**THE TASK**
Without the images, reproduce each line of the material exactly.

**INFORMATION PROVIDED**

BEGIN

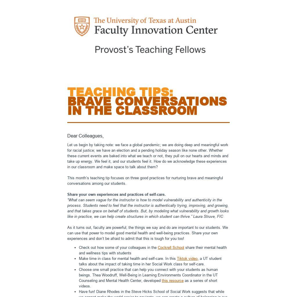 This month’s teaching tip focuses on three good practices for nurturing brave and meaningful conversations among our students.
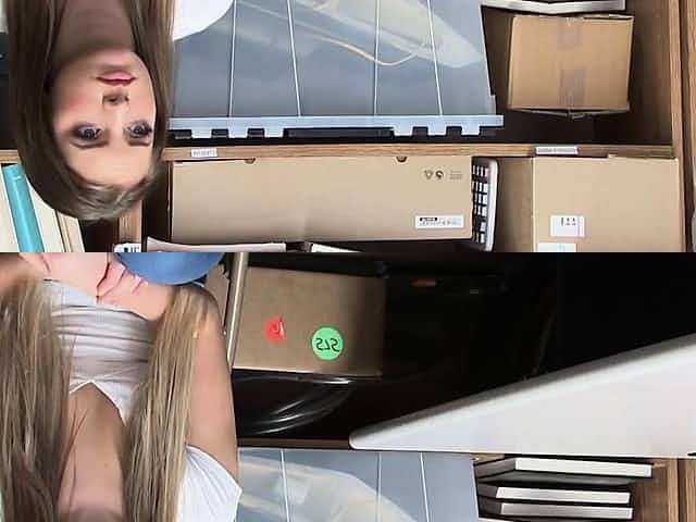 Sexy shoplifter gets banged in the office store
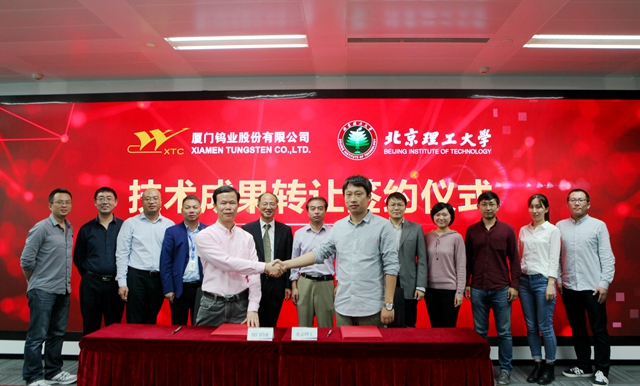 在取得创新成果的基础上,团队、学院及技术转移中心等学校相关部门研究决定,通过产学研结合方式,充分利用企业的生产和市场优势,加速实施成果转化。此前,校企双方经过深入洽谈交流,商定了通过许可方式和“入门费+产值提成”模式,实施该项成果的转化应用,并履行了技术转让的相关审核审批手续。会上,双方代表签订了协议。根据双方达成的协议,经学校授权,厦门钨业股份有限公司将负责实施该材料的产业化批量生产,并直接应用于相关产品。

END

**SOLUTION FOR THIS EXERCISE**
 This month’s teaching tip focuses on three good practices for nurturing brave and meaningful conversations among our students.
 Sexy shoplifter gets banged in the office store
 在取得创新成果的基础上,团队、学院及技术转移中心等学校相关部门研究决定,通过产学研结合方式,充分利用企业的生产和市场优势,加速实施成果转化。此前,校企双方经过深入洽谈交流,商定了通过许可方式和“入门费+产值提成”模式,实施该项成果的转化应用,并履行了技术转让的相关审核审批手续。会上,双方代表签订了协议。根据双方达成的协议,经学校授权,厦门钨业股份有限公司将负责实施该材料的产业化批量生产,并直接应用于相关产品。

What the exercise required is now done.